何なら作業するPCの電源を入れる事もタスクとして考えます。これも最小値は普段通り問題なくPCが起動して、例えばPowerPointで作成するならそれも起動する訳で、一方で最大値はたまにPCの不調で起動しなかったり、またはネットワーク不具合とか、過去の経験ベースで良いから起動や業務出来る状態までに時間を要したケースを最大値として見積もります。

こうして最小値と最大値で見積もった工数から、例えば最初のうちは最大値をベースに納期を提示してみる訳です。

仮にですが、提案書作成の工数見積において最小値が10時間、最大値が30時間だったとします。では最大値の30時間を1日の勤務時間(基本は8時間)から作業時間に割り当てられる予定を考慮して、それが仮に1日平均4時間だった場合には、9営業日かかる想定です。

なのでこの場合は9営業日後を納期として打診できると思います。

一方で納期を指定された場合、それが上記見積から見ると難しいとなった際には、具体的にスケジュール相談できるのではないかと思います。
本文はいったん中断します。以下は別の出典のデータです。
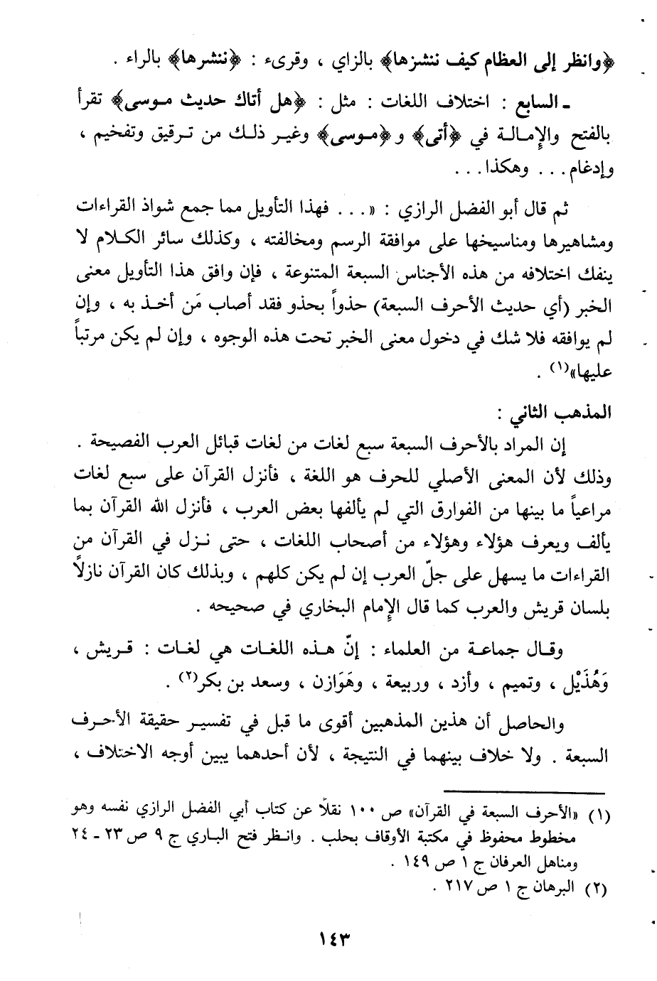 (¬1) «الأحرف السبعة في القرآن» ص 100 نقلا عن كتاب أبي الفضل الرازي نفسه وهو مخطوط محفوظ في مكتبة الأوقاف بحلب. وانظر فتح الباري ج 9 ص 23 - 24 ومناهل العرفان ج 1 ص 149.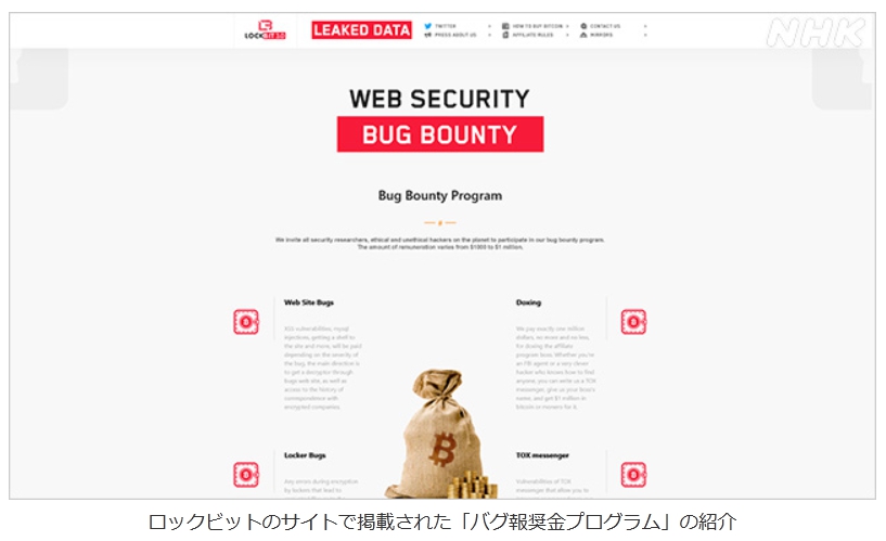 数年前には、エンジニアを悪の道に誘うサービスまで打ち出していました。世界中のIT技術者に対して、自分たち、ロックビットに関する「ぜい弱性」の情報を提供してくれれば、それを有償で買い取るというものでした。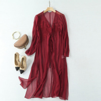 2018春季新款女装女式真丝欧根纱夏季外披外套女中长款衬衫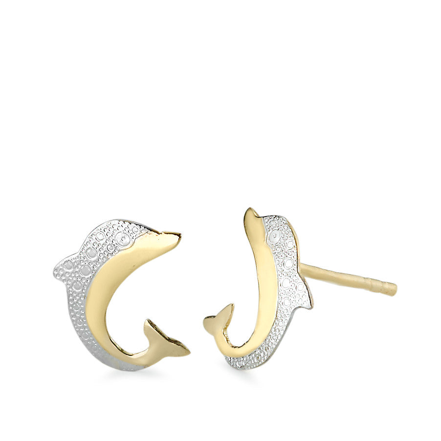 Boucles d'oreilles pour fille en or jaune 375, délicatement façonnées en forme de dauphin. Un design ludique et élégant, parfait pour les petites coquettes. Ces clous d'oreilles apportent une touche marine et raffinée à toute tenue. Idéal comme cadeau ou pour un usage quotidien.

(例として、「〇日までのタスクが別途あるので、難しいかもしれません。もしこちらの時間を割ければ指定された納期までに完成の見込みはあります。優先順位としてどちら優先すべきですか?」など具体的に相談できると思います)

これから始めたり、初めてのタスクだったりすると、見積の精度もまだまだでしょうから、見込がズレる事もあると思います。

ただ、それを日々繰り返していく事によって、その感覚も洗練されていき精度も向上していくと思います。

何にせよ、やはり日々の業務というのは、何であれ可能な限り定量化する事が重要かなと考えます。

工数も定性的な思考ではなく、定量化していく事でスケジュール管理もしやすくなりますし、仮に見込が外れたのであれば予実管理によってその差分は何故発生したか振り返り改善策を立てて実行する事で精度も向上するでしょう。

こうした思考に至るために、業務に限らずプライベートなど日常でも試しにやってみれば良いと思いますし、それ自体が良いトレーニングになると思います。